- What is needed -
Give the records below again in full, exactly as written, but without any images.
(Beginning of Record extracts)
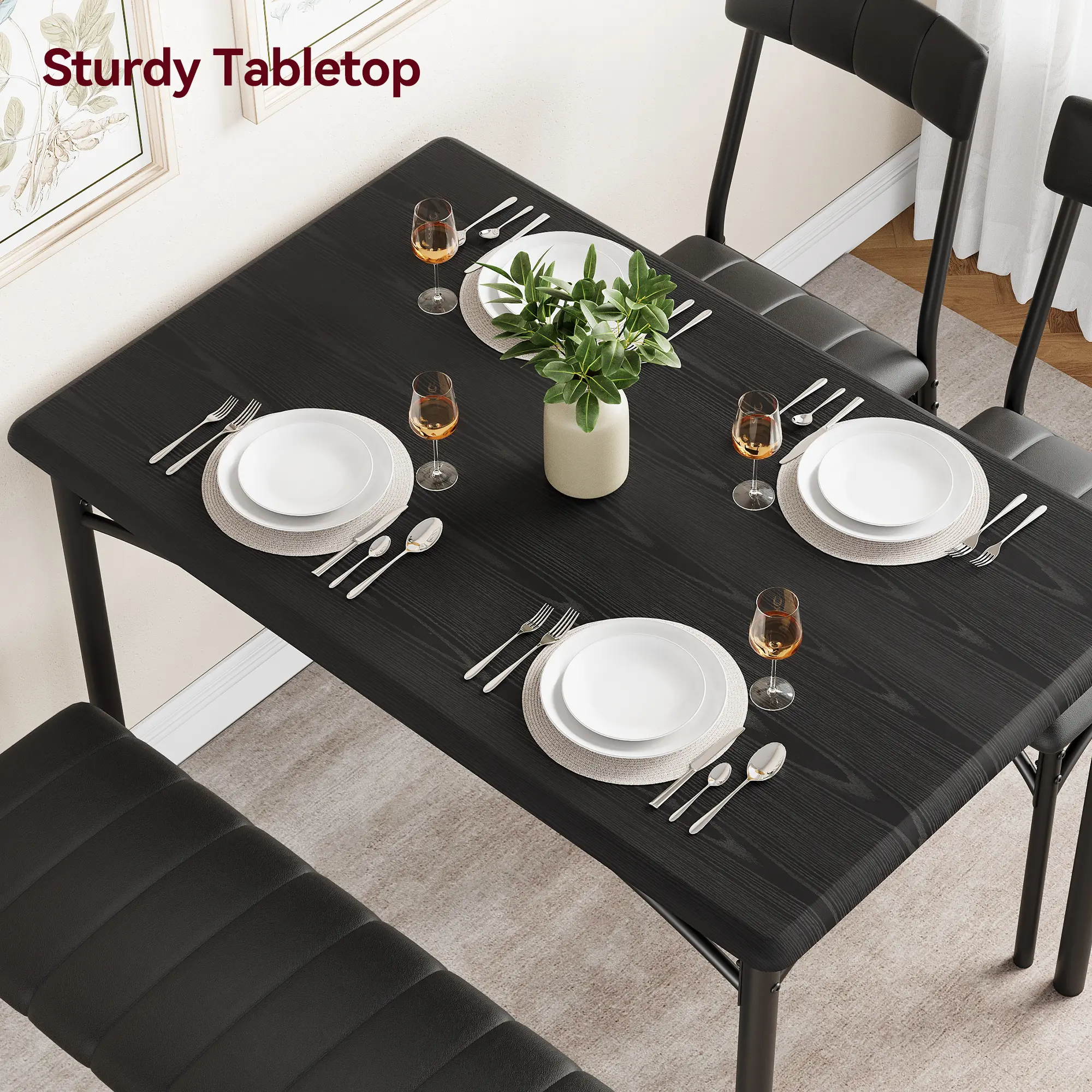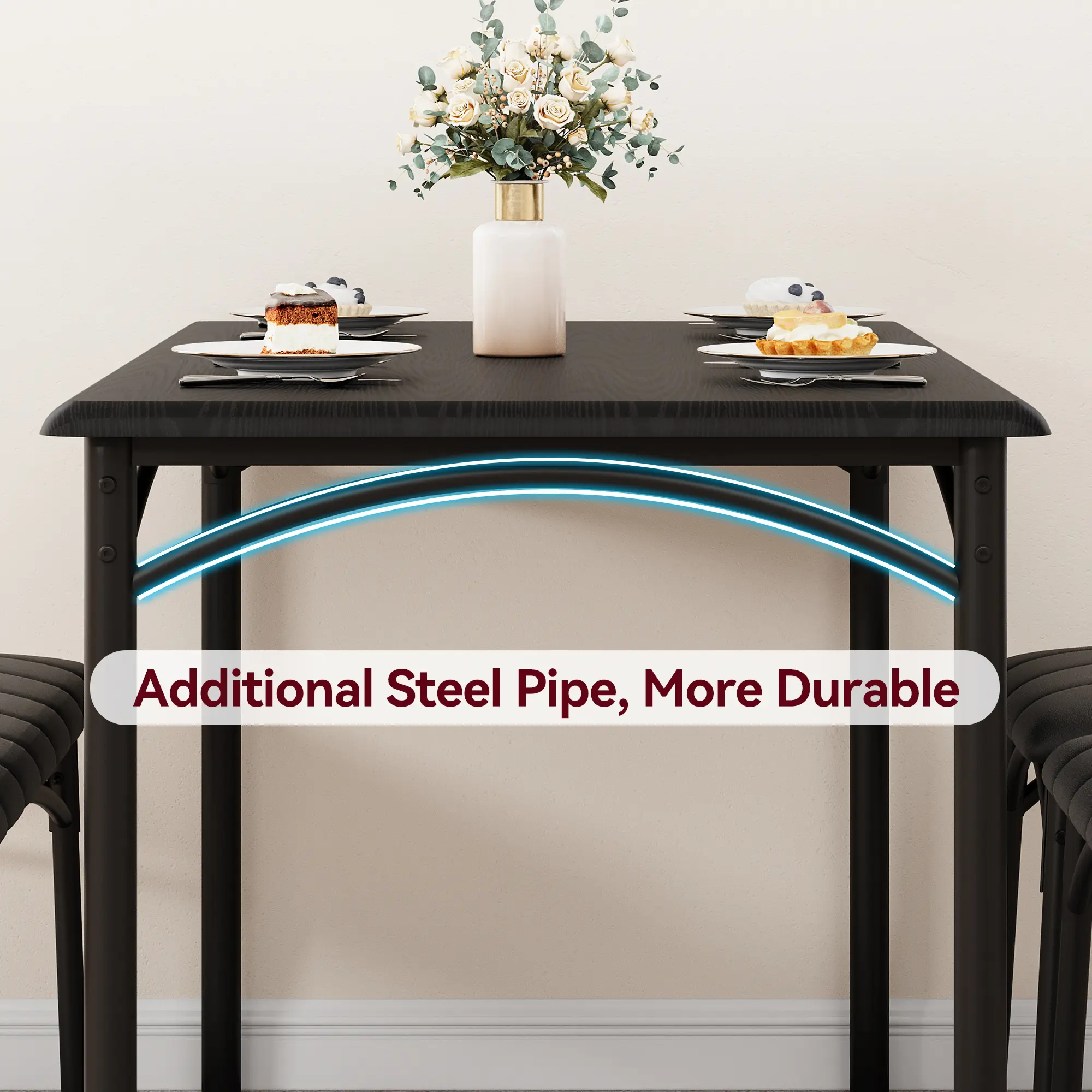 Easy to Maintain: The surface of the dining table set is a waterproof and anti-corrosive coating, You can easily wipe soup, sauce, and dust clean, and the surface will not be hurt, and is sturdy for long-term use.
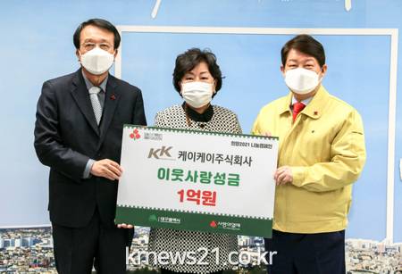 케이케이주식회사(대표이사 박윤경)는 28일 오전, 대구시청에서 권영진 대구시장, 박윤경 케이케이주식회사 대표이사, 김수학 대구사회복지공동모금회장 등이 참석한 가운데 이웃돕기 성금 1억원을 대구사회복지공동모금회에 전달하며 ‘희망2021 나눔캠페인’에 동참했다.
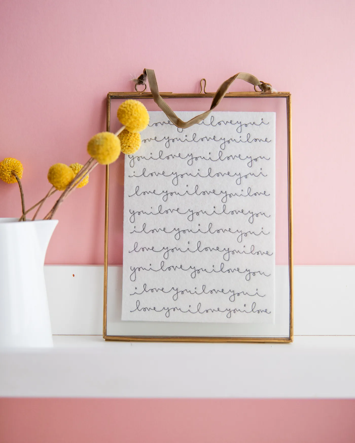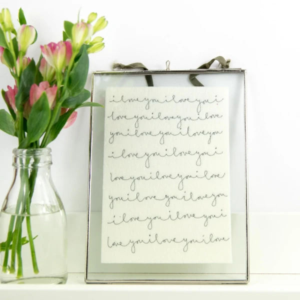 Express your emotions, and declare your true feelings in style with this romantic embroidery frame. This is one of my larger pieces, and features a repeat of the phrase “I love you” in my trademark embroidery style.
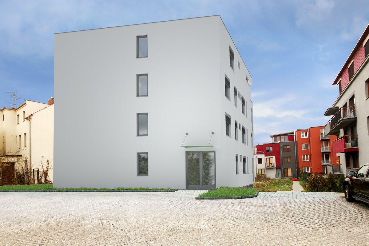 Nadzemní podlaží budou určena k bydlení. Jednotlivé byty budou přístupné z centrálního schodiště, které se nachází uvnitř objektu. Přístup do domu je řešen z ulice Červený kopec přes parkoviště areálu Rustical.
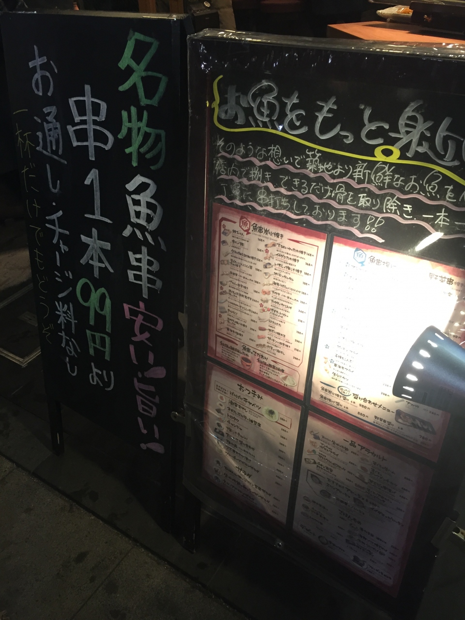 串料理の専門店ですが、その串に刺さってるのは「魚」という、ちょっと珍しいお店です。
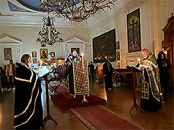 On the evening of March 29, the eve of the 5th Week of Great Lent, His Eminence performed the matins and the Great Canon of St Andrew of Crete at the Synodal Cathedral; he was joined by Cathedral Dean Archpriest Andrei Sommer and Archpriest Serafim Gan.
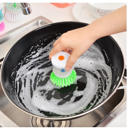 Alat sikat panci inovatif ini dilengkapi dispenser sabun cair. cukup tekan, maka sabun akan keluar otomatis. dengan sikat halus, membantu membersihkan kotoran membandel. jika sikat sudah aus, lepaskan dari tempatnya dan bisa diganti dengan sikat halus yang baru.Ukuran: 5*8 cmWarna: RandomBahan: Pl
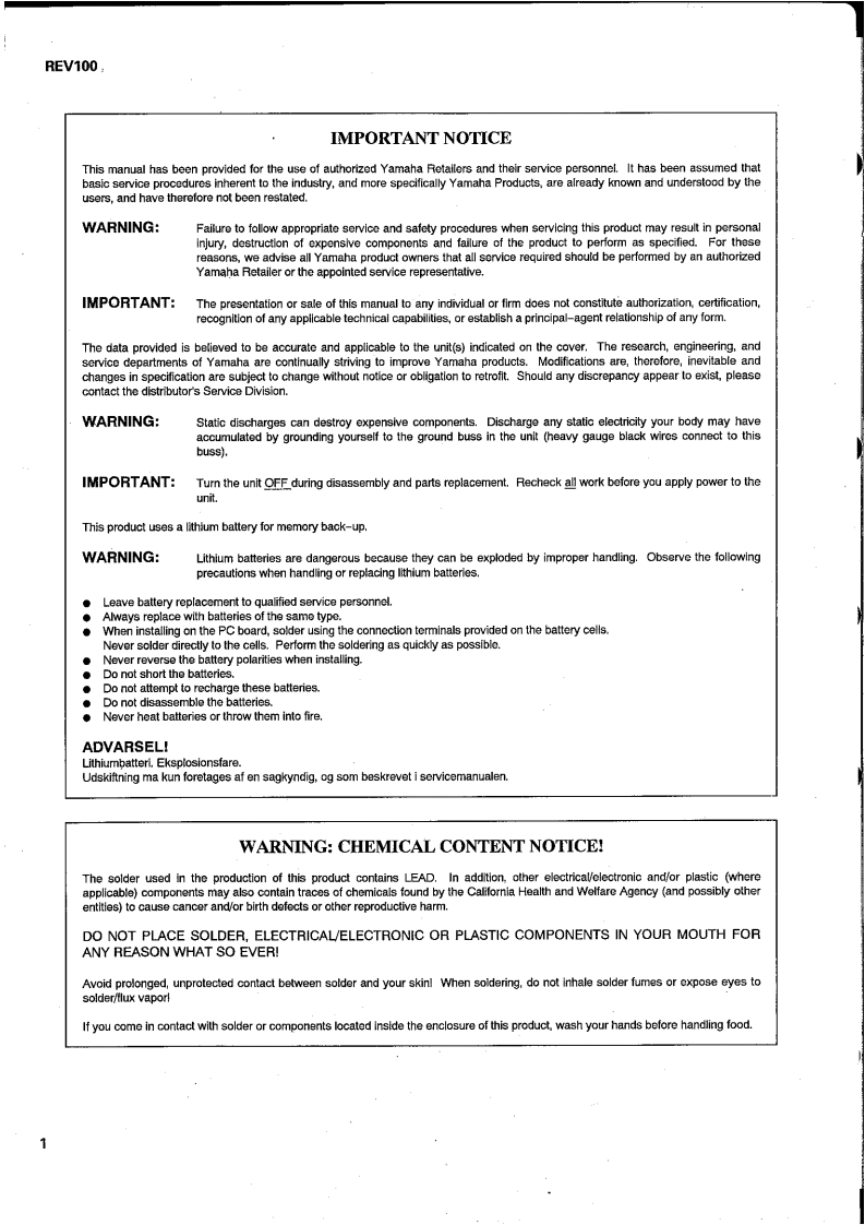 DIGITAL REVERBERATOR灵三/1DDSERVICE MANUAL●YAMAHA長Y9P●■CONTENTS(目次)SPECIFICA0S橘aE阑…3PANEL LAYOUT(Uバ礻儿T予卜)BLOCK DIAGRAM(ブ口y夕ダ亻T分与4).CIRCUIT BOARD LAYOUT(1二y卜レ亻予卜)5DIMENSIONS(寸法☒)..5DISASSEMBLY PROCEDURE(分解手順A)6LSI PIN DESCRIPTION(LSI端子機能表)4.8IC BLOCK DIAGRAM(C口y夕☒)10CIRCUIT BOARDS(一卜基板☒).11INSPECTIONS(検查仕樣)…..14/17TEST PROGRAM(于7K于75A)15/18ERROR MESSAGES(工ラ-Xy乜-)...16/19MIDI DATA FORMAT (MIDI子-夕7才-マy卜)20MIDI IMPLEMENTATION CHART........21OVERALL CIRCUIT DIAGRAM.......................22PARTS LISTYAMAHA CORP.PA011256HAMAMATSU.JAPAN19941210-248002.7K-891 Printed in Japan '94.12
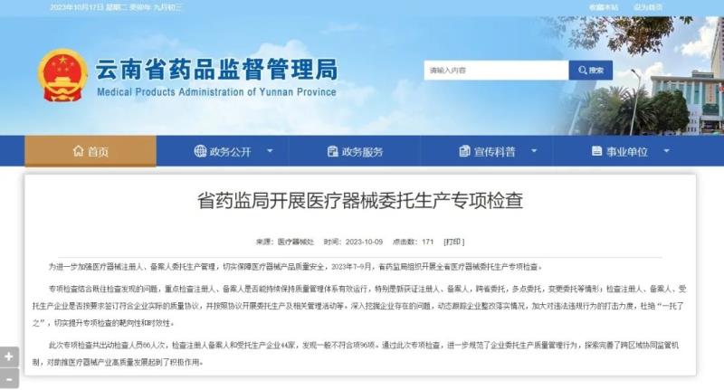 近日,云南省藥監(jiān)局官網(wǎng)發(fā)布動態(tài)稱,2023年7-9月,該局組織開展了全省醫(yī)療器械委托生產(chǎn)專項檢查。
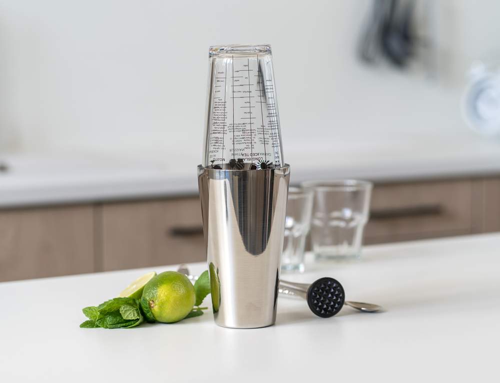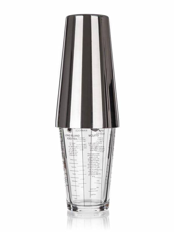 Szejker ze stali nierdzewnej do koktajli AKCENT jest odpowiedni do przygotowania mieszanych napojów alkoholowych i niealkoholowych. Objętość: część ze stali nierdzewnej 830 ml, część szklana: 450 ml. Wysokość: część ze stali nierdzewnej 16 cm, część szklana: 14,5 cm.
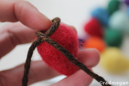 When I had about a dozen light bulbs felted and trimmed, I grabbed my ball of yarn. I measured out about twelve inches, and then selected a small (inch-long) segment of yarn to coil around the top of one of my needle-felted bulbs. By leaving a foot of slack at the ends of your light garland, you allow yourself enough yarn to tie your garland up.
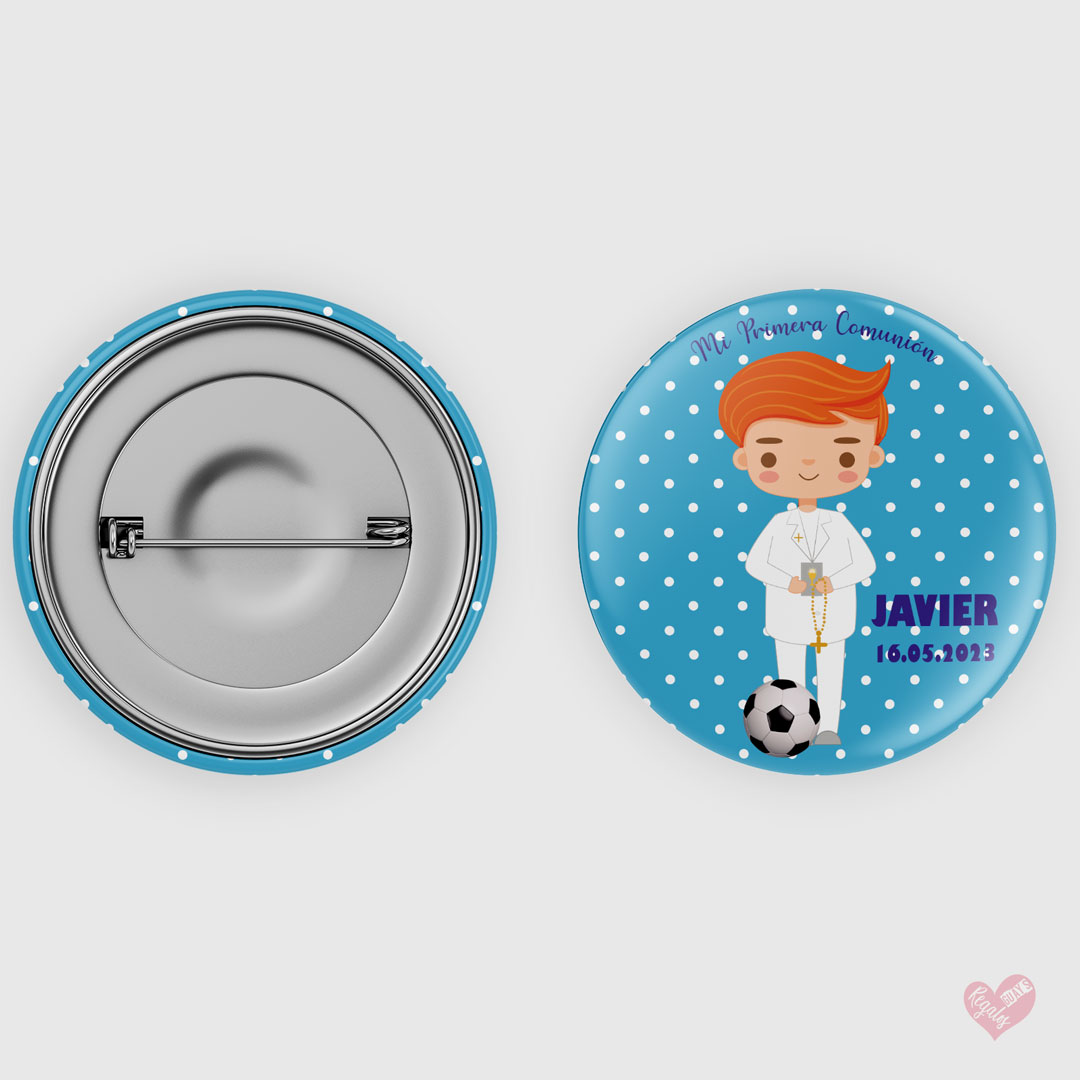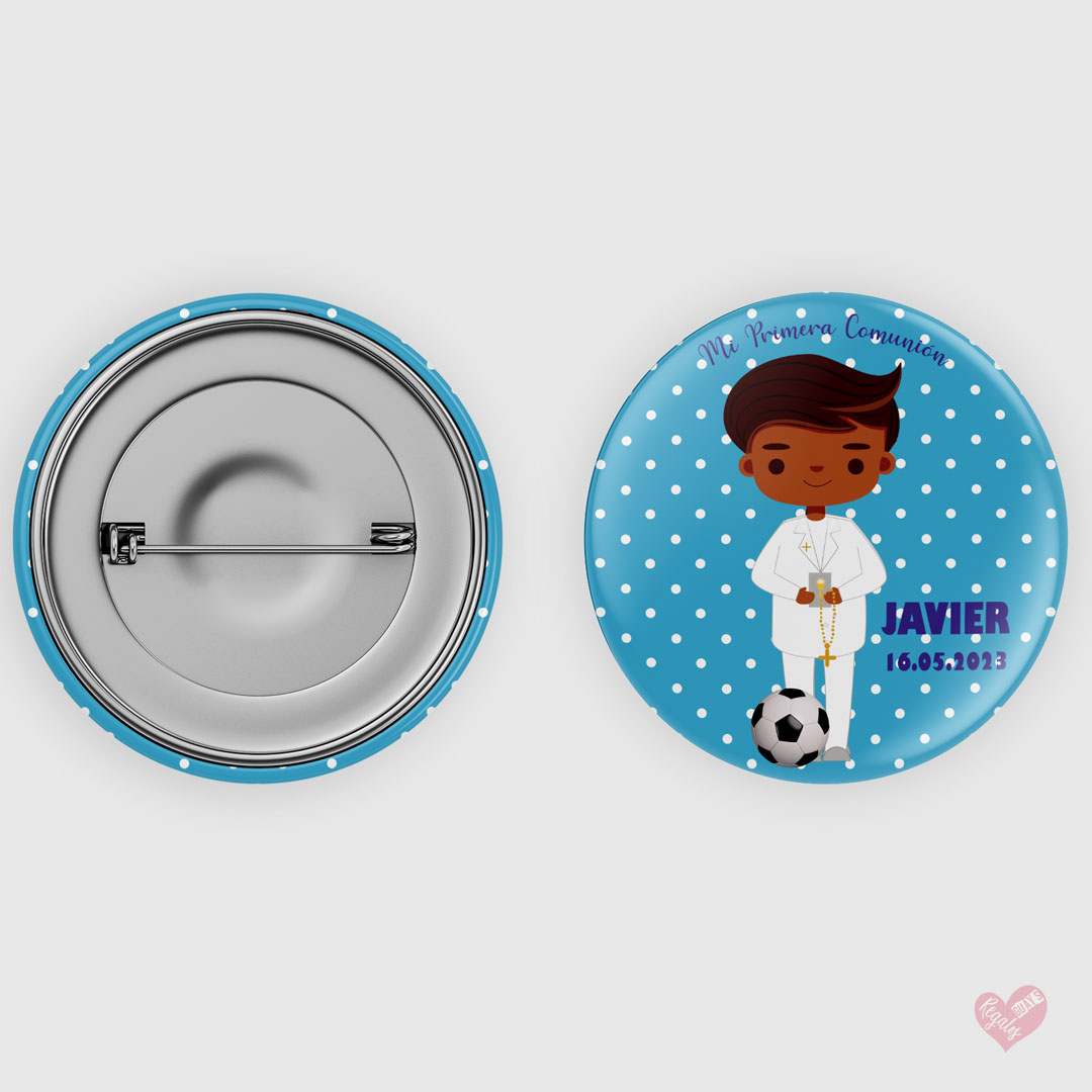 Chapa personalizada Primera Comunión con fondo de topitos
(End of Record extracts)
- Worked solution -
 Easy to Maintain: The surface of the dining table set is a waterproof and anti-corrosive coating, You can easily wipe soup, sauce, and dust clean, and the surface will not be hurt, and is sturdy for long-term use.
 케이케이주식회사(대표이사 박윤경)는 28일 오전, 대구시청에서 권영진 대구시장, 박윤경 케이케이주식회사 대표이사, 김수학 대구사회복지공동모금회장 등이 참석한 가운데 이웃돕기 성금 1억원을 대구사회복지공동모금회에 전달하며 ‘희망2021 나눔캠페인’에 동참했다.
 Express your emotions, and declare your true feelings in style with this romantic embroidery frame. This is one of my larger pieces, and features a repeat of the phrase “I love you” in my trademark embroidery style.
 Nadzemní podlaží budou určena k bydlení. Jednotlivé byty budou přístupné z centrálního schodiště, které se nachází uvnitř objektu. Přístup do domu je řešen z ulice Červený kopec přes parkoviště areálu Rustical.
 串料理の専門店ですが、その串に刺さってるのは「魚」という、ちょっと珍しいお店です。
 On the evening of March 29, the eve of the 5th Week of Great Lent, His Eminence performed the matins and the Great Canon of St Andrew of Crete at the Synodal Cathedral; he was joined by Cathedral Dean Archpriest Andrei Sommer and Archpriest Serafim Gan.
 Alat sikat panci inovatif ini dilengkapi dispenser sabun cair. cukup tekan, maka sabun akan keluar otomatis. dengan sikat halus, membantu membersihkan kotoran membandel. jika sikat sudah aus, lepaskan dari tempatnya dan bisa diganti dengan sikat halus yang baru.Ukuran: 5*8 cmWarna: RandomBahan: Pl
 DIGITAL REVERBERATOR灵三/1DDSERVICE MANUAL●YAMAHA長Y9P●■CONTENTS(目次)SPECIFICA0S橘aE阑…3PANEL LAYOUT(Uバ礻儿T予卜)BLOCK DIAGRAM(ブ口y夕ダ亻T分与4).CIRCUIT BOARD LAYOUT(1二y卜レ亻予卜)5DIMENSIONS(寸法☒)..5DISASSEMBLY PROCEDURE(分解手順A)6LSI PIN DESCRIPTION(LSI端子機能表)4.8IC BLOCK DIAGRAM(C口y夕☒)10CIRCUIT BOARDS(一卜基板☒).11INSPECTIONS(検查仕樣)…..14/17TEST PROGRAM(于7K于75A)15/18ERROR MESSAGES(工ラ-Xy乜-)...16/19MIDI DATA FORMAT (MIDI子-夕7才-マy卜)20MIDI IMPLEMENTATION CHART........21OVERALL CIRCUIT DIAGRAM.......................22PARTS LISTYAMAHA CORP.PA011256HAMAMATSU.JAPAN19941210-248002.7K-891 Printed in Japan '94.12
 近日,云南省藥監(jiān)局官網(wǎng)發(fā)布動態(tài)稱,2023年7-9月,該局組織開展了全省醫(yī)療器械委托生產(chǎn)專項檢查。
 Szejker ze stali nierdzewnej do koktajli AKCENT jest odpowiedni do przygotowania mieszanych napojów alkoholowych i niealkoholowych. Objętość: część ze stali nierdzewnej 830 ml, część szklana: 450 ml. Wysokość: część ze stali nierdzewnej 16 cm, część szklana: 14,5 cm.
 When I had about a dozen light bulbs felted and trimmed, I grabbed my ball of yarn. I measured out about twelve inches, and then selected a small (inch-long) segment of yarn to coil around the top of one of my needle-felted bulbs. By leaving a foot of slack at the ends of your light garland, you allow yourself enough yarn to tie your garland up.
 Chapa personalizada Primera Comunión con fondo de topitos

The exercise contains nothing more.